Clap for Carers founder distances herself from return of weekly ritual
The founder of Clap for Carers has distanced herself from the newly relaunched Clap for Heroes after being targeted with “hateful” abuse on social media.
Annemarie Plas, a 36-year-old mother-of-one, said that although the clap should still go ahead at 8pm on Thursday, she had opted to distance herself from the planned applause and “will no longer seek to raise further awareness of it”.
In a statement, released on the Clap for Heroes Twitter page, she said: “Since announcing the return of the applause yesterday, I have been targeted with personal abuse and threats against myself and my family by a hateful few on social media channels.
“Irrespective of their views and reasons for believing this is an acceptable way to behave, I did not set out to make a political statement and will not put my loved ones at risk.
“I have no political agenda, I am not employed by the Government, I do not work in PR, I am just an average mum at home trying to cope with the lockdown situation.”
The return of the weekly ritual has been met with a mixed response online, with some NHS workers asking people not to clap, and just stay at home.
Ami Jones, an intensive care consultant from Wales, tweeted in response to the announcement of the newly revived clap: “No thanks. I’d rather you obey the rules, stay at home, wear masks and wash your hands.”
Palliative care doctor Rachel Clarke added: “Please don’t clap us. Just wear a mask, wash your hands and respect lockdown.”
Ms Plas, a Dutch national living in south London, said the tradition was never meant to be a “political platform”.

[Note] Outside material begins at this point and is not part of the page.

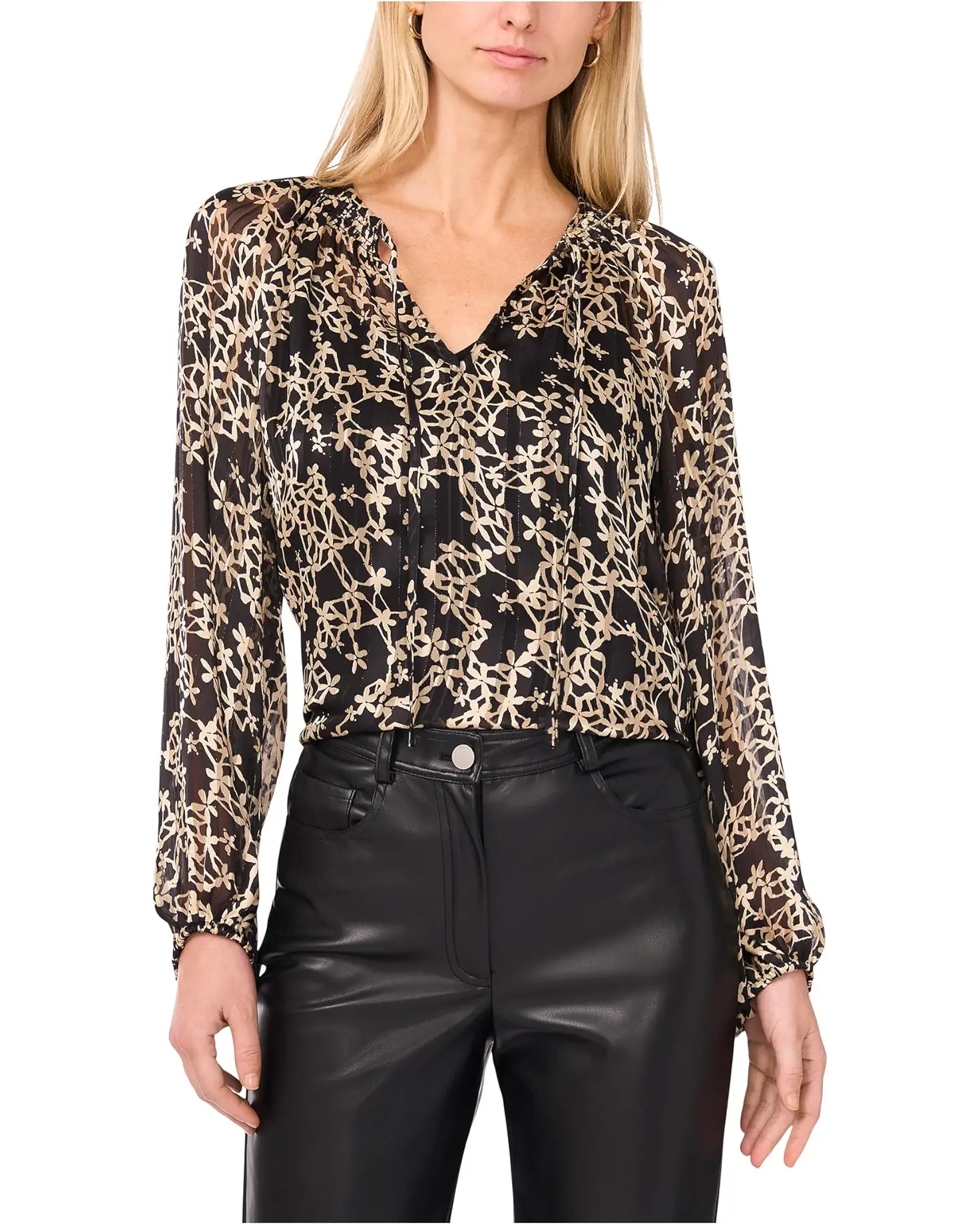 - Shine effortlessly wearing the Vince Camuto® Tie Neck Shirring Long Sleeve Top, while elegance meets comfort. The pull-on style top features a V-neckline with tie-up detail, long sleeves, a straight hem, and a subtle allover print.

The statement continued: “The idea of bringing back the applause was only to bring some optimism and positivity to the country, not to make a political comment about the state of the nation.
“It has never been the intention of either myself or Clap For Our Carers/Clap For Heroes to lobby government or suggest that clapping is a substitute for anything else.
“If people want to make a statement about the world we live in or have a desire to instigate change in our systems, there are ways to do it.
“I would be delighted if other people talking about the applause opens up dialogue and debate, and gives them a voice and impetus to discuss and engage in positive conversations and actions around wider, related subjects.”
She said she acknowledged the frustrations and anger felt by some but vilifying her personally was “destructive and counter-intuitive”.
“It absolutely can and should still happen at 8pm tonight if you choose and want to clap for your heroes on an individual and personal basis — it’s up to each person to decide how relevant or worthwhile they feel it is to participate,” she said.